If there's a repository that you would like to see added to the list, check out the [Contributions](#contributions) section.

## Installation and use
### Installation
Dependencies are provided in the ```requirements.txt``` file.
It is recommended to create a virtual environment to ensure there is no conflict with the packages
in your current work space.

PyCurator requires a Python version >= 3.10.

To run, simply paste the following commands into your terminal
```bash
git clone https://github.com/michaelbaluja/PyCurator.git
cd PyCurator
python -m pip install -e .
pycurator
```

### Use
#### Repository Selection
After following the commands above, you will be met with the landing page, containing licensing, funding, and 
copyright information. Clicking ```Continue``` will bring you to the following page 

![Repository Selection Page](/images/repo_selection.png "Repository Selection Page")

#### Parameter Selection
Clicking on one of the repositories will bring up the respective parameters used for querying the API and 
saving your results. Parameters will vary depending on repository selected.

![Parameter Selection](/images/param_selection.png "Figshare Parameter Selection")

These parameters are outlined as
| Parameter      | Description                                                                                                                      |
|----------------|----------------------------------------------------------------------------------------------------------------------------------|
| Save Directory | Location to save results. Defaults to "/data/{repo_name}/{search_term}_{search_type}.json" within PyCurator /data sub-directory. |
| Search Terms   | Search term(s) to query. Terms should be separated with a comma, and multi-word terms should be wrapped in quotes.               |
| Search Types   | Type of objects to query.                                                                                                        |
After all required parameters are provided, the ```Run``` button is activated.

#### Run Page
![Run Page](/images/run_page.png "Run Page")

The run page provides high level status updates in the main window. These include the beginning and end
of processes, rate-limiting issues, runtime completion, and saving confirmation. Below are real-time status updates for the 
specific query being completed as well as a progress bar for the high level task. During tasks that have
a fixed duration, such as metadata querying or some web scraping, a fixed-length progress bar will show
the progression of output. During tasks that have an indeterminate duration, a cycling task bar will be 
present to represent continued progress.

At the bottom are the navigation buttons. To avoid unnecessary queries, the ```Back``` button is unresponsive 
during runtime, but is activated after completion.
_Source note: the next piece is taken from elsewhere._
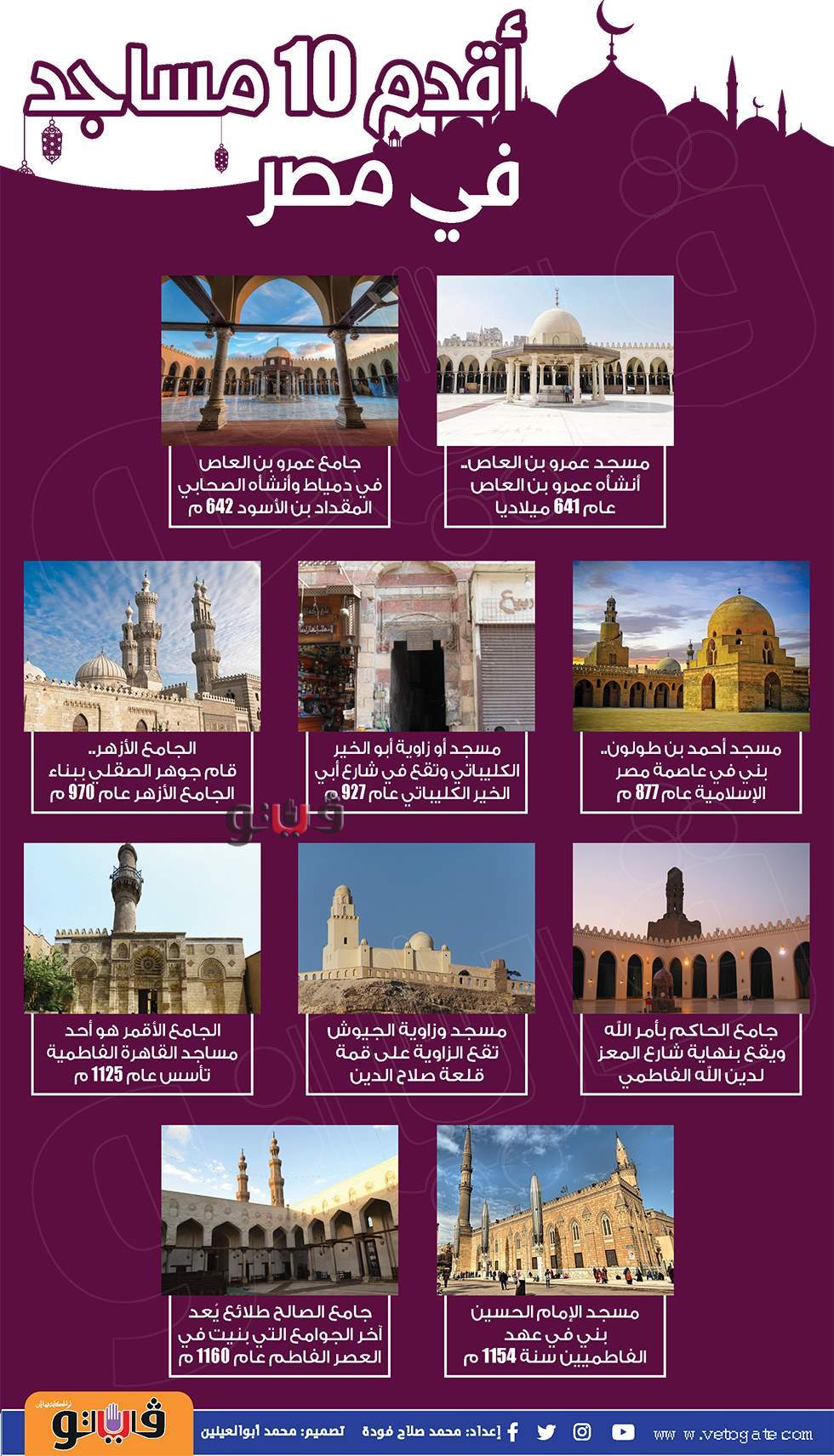 تعرف على أقدم 10 مساجد في مصر | إنفو جراف الجمعة 25/ديسمبر/2020 - 07:56 م 12/25/2020 7:56:00 PM أقدم 10 مساجد محمد صلاح فودة شارك طباعة 18 حجم الخط شارك طباعة مسجد عمرو بن العاص مساجد مصر جامع عمرو بن العاص الجامع الأزهر مسجد الامام الحسين الإمام الحسين الحاكم بامر الله أقدم مساجد مصر الجامع الاقمر جامع الصالح زاوية ابو الخير مسجد أحمد بن طولون

The ```Stop``` button is used to interrupt runtime and stop querying.
After runtime completion or interruption, the ```Stop``` button is replaced by the ```Exit``` button, allowing you to 
safely terminate the program.

## Contributions
### Bugs
Please note that as of Spring 2022, PyCurator is still undergoing active development. For any bugs or problems that you come across, open an issue that details the problem that 
you're experiencing.

### Extension
Know of an API that you think should be included in PyCurator? Create a Pull Request outlining
the API and why you think it would be beneficial, and make sure to follow the format set out
through the existing Scraper classes.

## Funding and acknowledgements
The initial development of this program was funded by the Librarians Association of The University of California (LAUC) and UC San Diego Library Research Data Curation Program (RDCP).

Thank you to Matt Peters, Dan LaSusa, John Chen, Joshua Weimer, and Amy Ly for their feedback during testing of early iterations of PyCurator.